Note that annotation is unnecessary in the unsupervised pre-training phase of the model. However, labels are indispensable for fine-tuning it as a classifier. The skin disease images were annotated using two methods. Firstly, skin diseases or related terminologies were used as coarse labels for the images in self-organized communities and forums related to skin diseases in China.

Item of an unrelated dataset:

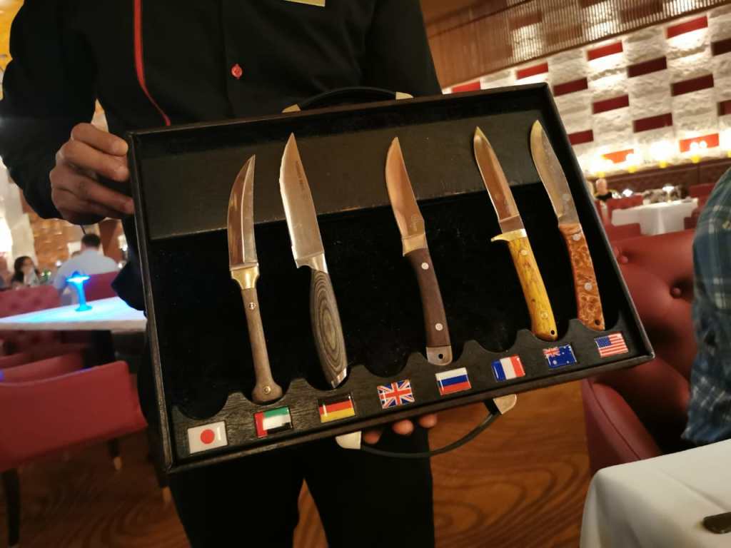 We got to choose our steak-knives from a box of very stylized weapons from a range of countries. I went for an Emirati knife that looked like a princely dagger.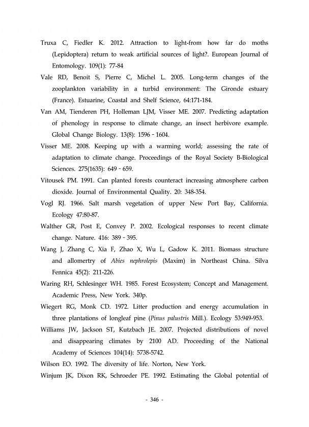 346 Truxa C, Fiedler K. 2012. Attraction to light-from how far do moths Lepidoptera return to weak artificial sources of light?. European Journal of Entomology. 109 1 77-84 Vale RD, Benoit S, Pierre C, Michel L. 2005. Long-term changes of the zooplankton variability in a turbid environmentThe Gironde estuary France Estuarine, Coastal and Shelf Science, 64171-184. Van AM, Tienderen PH, Holleman LJM...

Secondly, skin disease images were directly searched on search engines, and databases with coarse labels created on the web were incorporated. To standardize and merge certain coarse labels, we relied on physician experience and dataset characteristics. We adopted industry-standard specifications such as CDISC⁴⁰ and ICD10⁴¹ to transform large sections of unstructured text into standardized data through natural language processing techniques. For example, ‘whelks’, ‘pimples’, and ‘comedo’ were combined into the general category ‘acne’. We also merged labels that contained skin diseases that could not be reliably distinguished without consultation, such as ‘viral warts’ and those that contained only partial images that did not allow for identification of the lesion site, such as ‘tinea manuum’ and ‘tinea pedis’ into the broader category of ‘tinea’. Finally, we selected the 22 most representative skin diseases of the highest proportion, each with at least 800 images, for model construction, as listed in Table 4. The details of selecting these 22 diseases can be seen in Supplementary Information. In total, we collected 0.13 million dermatology-related skin images with coarse label information for fine-tuning.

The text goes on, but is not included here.